Guillaux made landings at Seymour and Wangaratta before reaching Albury. (Due to the plane’s limited fuel capacity, Guillaux had to make refueling stops at those communities and others en route to Sydney). After having lunch in Albury, Guillaux made a stop at Wagga Wagga before reaching Harden. Guillaux twice found himself — both on that day and the next — flying out of Harden and then being forced to return there due to bad weather. He finally resumed his flight without additional weather-related delays on the morning of July 18, making stops at both Goulburn and Liverpool.
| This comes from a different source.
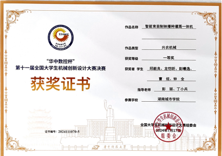 (通讯员 彭丽)7月17日,第十一届全国大学生机械创新设计大赛决赛在华中科技大学圆满闭幕。由彭丽和丁小兵老师指导,邱毅良、龙恺昕、彭曦逸、曹炫、钟全五位同学完成的好博·(中国)手机网页版参赛作品《智能育苗制钵播种灌溉一体机》,以湖南省第一名的好成绩入围全国总决赛,经过决赛的两轮精彩比拼,不负众望斩获最高奖项:全国一等奖,实现好博·(中国)手机网页版在该赛事上历史性的突破。

After having lunch in Liverpool, Guillaux took to the skies again and finished his flight by landing at Moore Park in central Sydney at 2:55 p.m. He was greeted there by a large crowd that included New South Wales Governor Sir Gerald Strickland. A band played the French national anthem “La Marseillaise” in honor of Guillaux, and he distributed the mail that he had been carrying on board his plane. These mail items included 1,785 souvenir postcards created by the British Imperial Oil Company, which had supplied the fuel for the flight, as well as some Lipton’s Tea and O.T. Ltd. lemon cordial.
Guillaux’s trip took two days, five hours, and 43 minutes altogether, with an actual flying time of nine hours and 35 minutes. Along with being the maiden airmail flight in Australia, Guillaux’s 582-mile (936.6-kilometer) journey from Flemington to Sydney was the longest-distance airborne postal delivery up to that time.